Начало (Калинин) - страница 34

Молча стреляю в бандитов, начиная с того, который пристраивается к Яне. Стреляю ему в ягодицы, потом отстреливаю бандита, стоящего на стрёме. Убивать их сразу не хочу, я их казню. Шестнадцати патронов, хватает на всех. Уроды валяются на земле, держась за свои раны, громко крича от боли. За волосы, стаскиваю с Яны центрового фраера, оттащив его в сторону. Спокойно перезаряжаю пистолеты. Находясь в шоке, тот смотрит на меня в ужасе.

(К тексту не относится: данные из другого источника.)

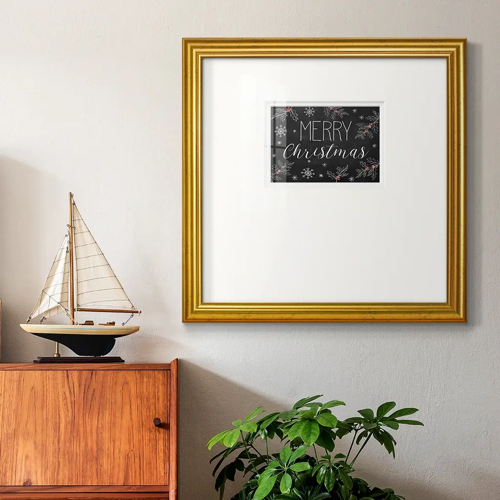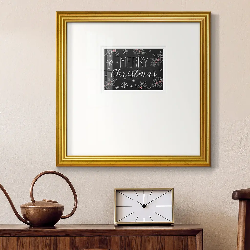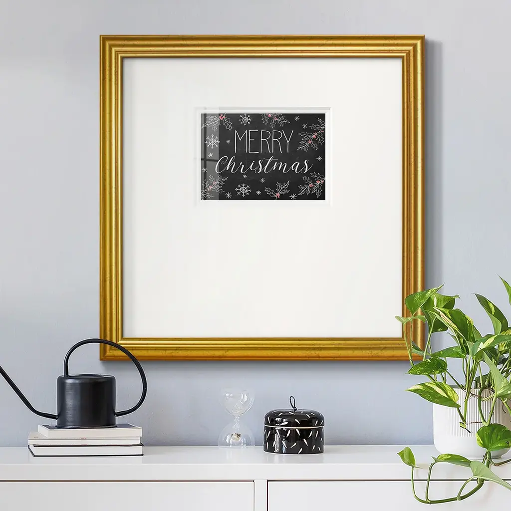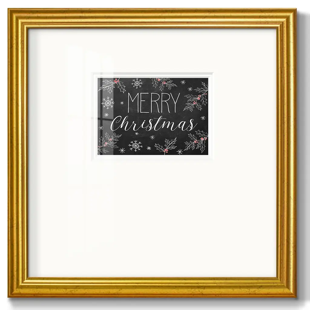 Merry Christmas ChalkboardPremium Framed Print A framed cold pressed paper print featuring superior double matting and quality frame. 2 SIZES AVAILABLE 16''X16''' - Overall Size 20''X20''' - Overall Size Each piece is made to order. Each piece comes with hanging hardware. Made in the USA Ready to Hang Giclee Paper Print Plexiglass Beveled Matt Board Double Matte Board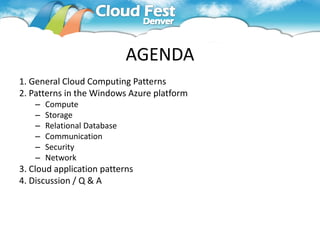 This document outlines various design patterns for building applications on the Windows Azure platform, including patterns for compute, storage, databases, communication, security, and networking, providing examples of how to implement roles, virtual networks, content delivery networks, and other patterns within the Windows Azure environment.

- Ты попытался взять силой мою девушку, знал ты об этом или не знал, мне всё равно, наказание одно - смерть. Приговор привести к исполнению! - и направляю на него ствол пистолета. Вдруг чувствую спиной опасность и резко падаю перекатившись вправо, надо мной пролетают пули.

Стреляет с револьвера, один из парней державших Яну за руку, одним выстрелом успокаиваю его навечно и добиваю остальных. Некогда мне с вами церемониться. Испытываю полное удовлетворение, хоть здесь можно эту мразь отстреливать на месте, хрен вам, а не адвокаты и продажные прокуроры. Вор должен сидеть в тюрьме, а убийца и насильник лежать в земле, а не жрать в три горла и шиковать на народные деньги.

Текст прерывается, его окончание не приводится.